Appeal court rules council must pay R630K for rape of disabled girl at resort
Yesterday, the municipality was ordered to pay damages to the family of R630 780, together with interest accumulated from the date of the original award in 2017.
The judgment comes as the world marked International Day of Persons with Disabilities yesterday, and the 16 Days of Activism for No Violence against Women and Children Campaign.
The victim was born in Bulgaria and diagnosed with spastic hemiparesis in her lower limbs.
She also suffered from other chronic illnesses from the age of five months. When her adoptive parents, a South African couple who were Christian missionaries stationed in Bulgaria, met her in 1998 she was in a badly neglected, passive and apathetic state.
Her head was shaved and her impermanent teeth were decayed.
She had no spontaneity of movement, could not communicate verbally and could not crawl, roll or perform any significant movements.
In 1999, a local couple were granted permission to transport the girl to South Africa on a hospital permit for a year, and in 2001 they formally adopted her.
They arranged for her to see a range of professionals. She underwent physiotherapy, occupational therapy and speech therapy. After months of treatment, she began to walk when held by the hand.
On January 16, 2009, the victim, her adoptive parents and their biological daughter were admitted as residential guests at the Pine Forest Resort in Ceres. She was about 18 at the time.
On January 20, 2009 she asked her parents if she could go out and play on her own in the playground close to their unit.
She was given permission to do so in line with the advice the parents had received that they should encourage her independence.
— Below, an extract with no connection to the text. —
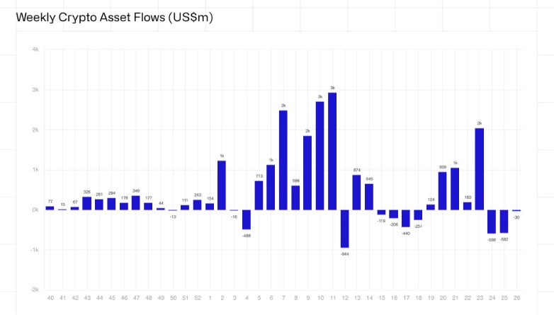 Отток капитала из регулируемых криптовалютных инвестпродуктов продолжился третью неделю подряд, в совокупности превысив $1 млрд. За минувшую неделю с 24 по 28 июня отток составил $30 млн — это минимальный показатель с апреля, по данным CoinShares.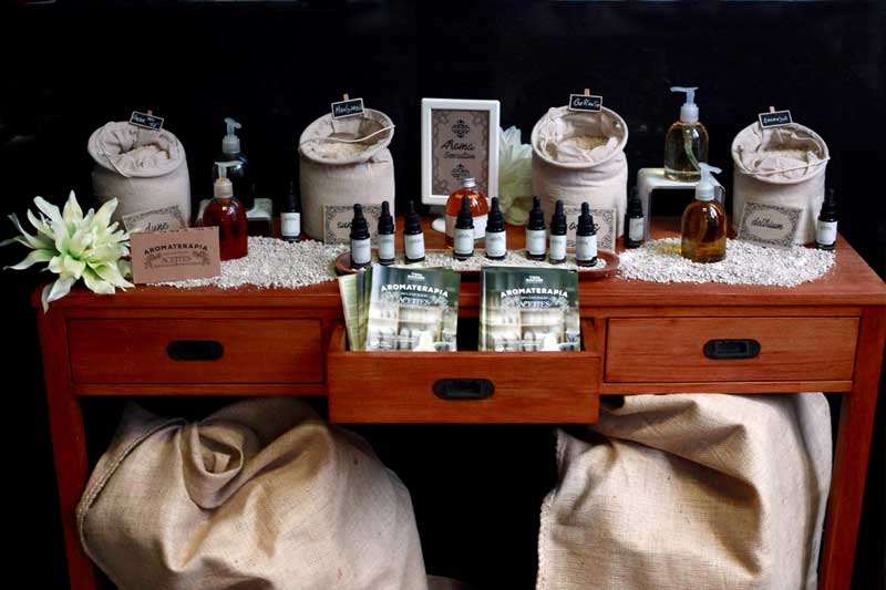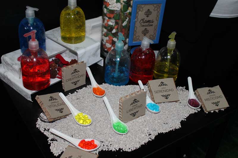 Como novedad, al público le esperaba una sorpresa, organizada por el equipo de Ten Image, antes de acceder a la sala donde tendría lugar el evento. Tres corners dedicados a la cosmética -Scrub, Croma y Aroma Sensation-, donde se podían probar productos como el peeling de sal y almendras, diversos geles cromáticos y los aceites esenciales de la gama de aromaterapia capaz de transportar a los asistentes a los looks Oasia.

While on the playground, she was forcefully led away by three minors aged 15, 14, and 11, who had gained access to the resort via an external staircase leading to the entrance of a squash court.
They brutally sexually assaulted and raped the girl.
One of the boys apparently kept a lookout while the other two raped her.
The two boys were convicted and sentenced.
In the initial high court judgment, the court held that no fault could be attributed to the victim’s parents in allowing her to play on her own in the play area at the resort, and that the municipality was negligent in terms of security, and liable.
“In essence, the court held that if there had been four guards in total with two guards doing hourly patrols, and if the rest of the staff at the resort had been in place and if there had been proper access controls in relation to the squash court and more visible and pronounced access control, the opportunity for wrongdoing would have diminished.
"It was more likely than not that the rape would not have occurred. It had occurred because of the failure of the municipality to take the steps as outlined above," Judge Mahomed Navsa found.
Moreover, in light of previous experiences, there ought to have been a greater awareness by the security service and the employees of the possibility of criminal conduct,” Judge Navsa said.
This, as Ceres Alarms, the security services provider at the resort at the time, had been appointed on an emergency basis after a predecessor’s contract had been summarily terminated for poor performance. Ceres alarms was appointed in the absence of a thorough security assessment.
Also, at the time of the incident almost all the municipal staff at the resort - a total of 18 out of 19 employees - had left to attend a staff meeting.
“I find the attitude of the municipality in this regard disturbing. The municipality had a duty to take appropriate steps to safeguard to the best of its ability the safety of visitors and residents. This it did not do.
“In the circumstances it was adding insult to injury to attempt to land (the parents) with liability,” the judge said.